== WORK INSTRUCTIONS ==
What is needed here is an exact copy of every entry.
=== Section Start ===
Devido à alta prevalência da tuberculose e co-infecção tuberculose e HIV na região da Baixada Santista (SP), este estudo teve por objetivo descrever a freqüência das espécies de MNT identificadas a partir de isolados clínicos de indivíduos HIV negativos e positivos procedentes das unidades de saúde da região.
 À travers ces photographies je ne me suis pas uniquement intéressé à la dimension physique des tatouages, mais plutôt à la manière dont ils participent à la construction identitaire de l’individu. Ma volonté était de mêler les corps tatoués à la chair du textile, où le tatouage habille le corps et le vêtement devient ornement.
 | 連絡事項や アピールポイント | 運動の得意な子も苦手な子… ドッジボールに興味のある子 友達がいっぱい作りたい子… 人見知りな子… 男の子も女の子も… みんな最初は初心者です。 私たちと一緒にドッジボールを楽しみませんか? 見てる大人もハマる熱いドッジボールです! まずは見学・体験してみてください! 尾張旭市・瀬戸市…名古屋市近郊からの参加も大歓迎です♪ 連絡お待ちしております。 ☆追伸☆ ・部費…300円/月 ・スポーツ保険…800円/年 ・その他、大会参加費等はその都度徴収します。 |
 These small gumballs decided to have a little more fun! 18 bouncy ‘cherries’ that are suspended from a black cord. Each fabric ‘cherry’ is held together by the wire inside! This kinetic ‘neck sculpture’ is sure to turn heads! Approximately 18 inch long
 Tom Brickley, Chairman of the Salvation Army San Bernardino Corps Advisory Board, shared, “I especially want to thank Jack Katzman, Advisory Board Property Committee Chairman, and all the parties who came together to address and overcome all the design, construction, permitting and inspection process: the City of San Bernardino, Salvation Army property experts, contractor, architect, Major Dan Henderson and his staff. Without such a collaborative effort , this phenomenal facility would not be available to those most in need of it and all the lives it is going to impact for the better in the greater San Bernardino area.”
=== Section End ===
== YOUR SOLUTION ==
Devido à alta prevalência da tuberculose e co-infecção tuberculose e HIV na região da Baixada Santista (SP), este estudo teve por objetivo descrever a freqüência das espécies de MNT identificadas a partir de isolados clínicos de indivíduos HIV negativos e positivos procedentes das unidades de saúde da região.
 À travers ces photographies je ne me suis pas uniquement intéressé à la dimension physique des tatouages, mais plutôt à la manière dont ils participent à la construction identitaire de l’individu. Ma volonté était de mêler les corps tatoués à la chair du textile, où le tatouage habille le corps et le vêtement devient ornement.
 | 連絡事項や アピールポイント | 運動の得意な子も苦手な子… ドッジボールに興味のある子 友達がいっぱい作りたい子… 人見知りな子… 男の子も女の子も… みんな最初は初心者です。 私たちと一緒にドッジボールを楽しみませんか? 見てる大人もハマる熱いドッジボールです! まずは見学・体験してみてください! 尾張旭市・瀬戸市…名古屋市近郊からの参加も大歓迎です♪ 連絡お待ちしております。 ☆追伸☆ ・部費…300円/月 ・スポーツ保険…800円/年 ・その他、大会参加費等はその都度徴収します。 |
 These small gumballs decided to have a little more fun! 18 bouncy ‘cherries’ that are suspended from a black cord. Each fabric ‘cherry’ is held together by the wire inside! This kinetic ‘neck sculpture’ is sure to turn heads! Approximately 18 inch long
 Tom Brickley, Chairman of the Salvation Army San Bernardino Corps Advisory Board, shared, “I especially want to thank Jack Katzman, Advisory Board Property Committee Chairman, and all the parties who came together to address and overcome all the design, construction, permitting and inspection process: the City of San Bernardino, Salvation Army property experts, contractor, architect, Major Dan Henderson and his staff. Without such a collaborative effort , this phenomenal facility would not be available to those most in need of it and all the lives it is going to impact for the better in the greater San Bernardino area.”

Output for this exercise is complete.